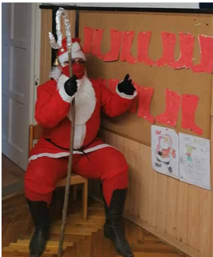
Mikulás az ajtóban
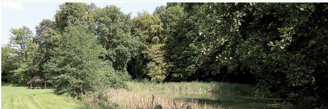
Az alsó tóban (nagy kép) még valamennyi van, de fölötte, a 2. tóban már gyakorlatilag nincs szabad vízfelület, mindent benötte a sás.

Övodák a bonyhádinak tagintézménye, erre is ráférne a felújítás. Itt a bonyhádi központ pályázik, ha nyernek, a Váraljára eső rész 25 millió forint lenne. A konyhát és a vizesblokkot kellene ebből felújítani, és az ovi akadálymentesítését megoldani, illetve, ha még beleférne a költségvetésbe, az udvar egy részét szeretnék leburkoltatni rugalmas lapokkal.
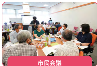
市民会議 (令和4年6月・7月)
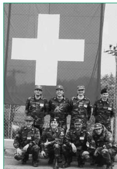
Il Gruppo Sportivo di UNUCI Pordenone.

Nel corso del 2006 il Gruppo Sportivo della Sezione di Pordenone si è distinto partecipando a varie gare internazionali, come la gara di tiro dinamico svoltasi a Nova Gorica, la TIA 2006 a Bernex, presso Ginevra ed il Trofeo San Martino 2006 orga-
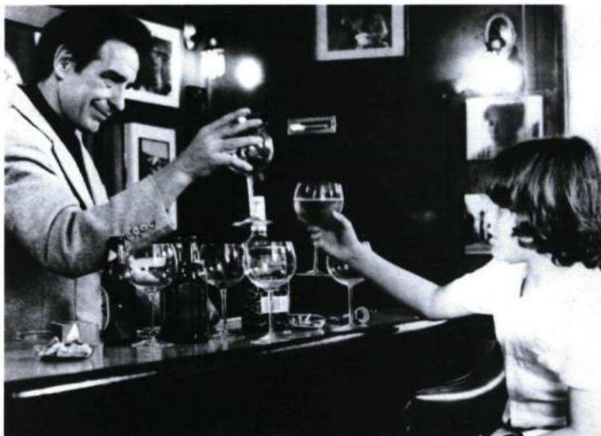
John Cassavetes comédien dans une séquence inoubliable de Love Streams alors qu'il rencontre son fils pour la première fois.

Ainsi, dès que l'histoire débute, nous ne savons rien des protagonistes, rien n'est présenté ni expliqué comme le cinéma conventionnel le fait habituellement, rien n'est situé (les décors ne sont pas décrits). Chacun, homme ou femme, se dévoile au fur et à mesure que la fiction avance, mais cette dernière n'avance pas en ligne droite, elle est titubante, disloquée, adhérant au moindre mot, au moindre regard, au moindre geste. Elle est un encéphalogramme qui enregistre les hauts et les bas, les désirs et les affects, qui mesure les différences d'intensité amoureuse, qui suit la trace d'un tremblement de terre que sont les crises, qui détecte les explosions lointaines et souterraines qui ont généré cette incroyable course pour l'existence que mène chaque personnage. C'est ainsi — aussi contradictoire que puisse paraître cette affirmation — que le cinéma de Cassavetes s'affirme comme un cinéma de l'âme.
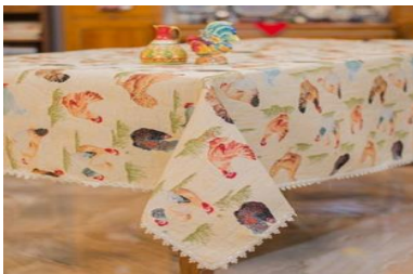
Рис. 2. Кантрі

Стилі. Виділяють кілька стилів гобеленів. Гобелен в східному стилі – неповторний. Він наповнений якимось філософським поглядом на життя, такий же витончений, як гнучкий стан танцівниці. Стиль кантрі (рис. 2) ідеально підійде до дерев'яної підлоги світлих тонів, макраме та плетених елементів, розписного посуду і старовинних речей. Дуже часто, використовуючи такий стиль, одну стіну повністю відводять для каміна, а інші покривають деревом. Така комбінація натуральних відтінків створює дух рідного дому. Скандинавському стилю (рис. 3) прийнятна природна простота. Для цього підійдуть прості меблі з хорошого дерева і стіни світлих тонів. Використовуйте зеленуватий колір або беж – не треба вгадувати, бо декорування тут практично не знадобиться, це самобутній стиль.
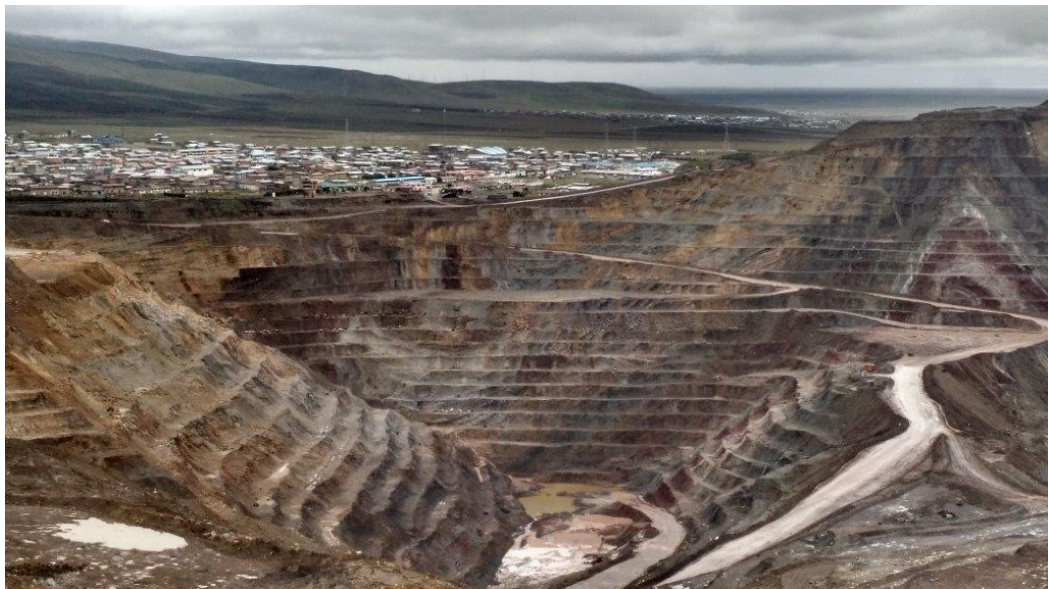
Fig.1 Minera X

· · · · · · ·

Task requirements: Reproduce exactly the lines of the data above that run from the line with "Övodák a bonyhádinak" down to the line with "Рис. 2. Кантрі", both ends included. Pictures do not belong in the copy.

Written solution:
Övodák a bonyhádinak tagintézménye, erre is ráférne a felújítás. Itt a bonyhádi központ pályázik, ha nyernek, a Váraljára eső rész 25 millió forint lenne. A konyhát és a vizesblokkot kellene ebből felújítani, és az ovi akadálymentesítését megoldani, illetve, ha még beleférne a költségvetésbe, az udvar egy részét szeretnék leburkoltatni rugalmas lapokkal.
市民会議 (令和4年6月・7月)
Il Gruppo Sportivo di UNUCI Pordenone.

Nel corso del 2006 il Gruppo Sportivo della Sezione di Pordenone si è distinto partecipando a varie gare internazionali, come la gara di tiro dinamico svoltasi a Nova Gorica, la TIA 2006 a Bernex, presso Ginevra ed il Trofeo San Martino 2006 orga-
John Cassavetes comédien dans une séquence inoubliable de Love Streams alors qu'il rencontre son fils pour la première fois.

Ainsi, dès que l'histoire débute, nous ne savons rien des protagonistes, rien n'est présenté ni expliqué comme le cinéma conventionnel le fait habituellement, rien n'est situé (les décors ne sont pas décrits). Chacun, homme ou femme, se dévoile au fur et à mesure que la fiction avance, mais cette dernière n'avance pas en ligne droite, elle est titubante, disloquée, adhérant au moindre mot, au moindre regard, au moindre geste. Elle est un encéphalogramme qui enregistre les hauts et les bas, les désirs et les affects, qui mesure les différences d'intensité amoureuse, qui suit la trace d'un tremblement de terre que sont les crises, qui détecte les explosions lointaines et souterraines qui ont généré cette incroyable course pour l'existence que mène chaque personnage. C'est ainsi — aussi contradictoire que puisse paraître cette affirmation — que le cinéma de Cassavetes s'affirme comme un cinéma de l'âme.
Рис. 2. Кантрі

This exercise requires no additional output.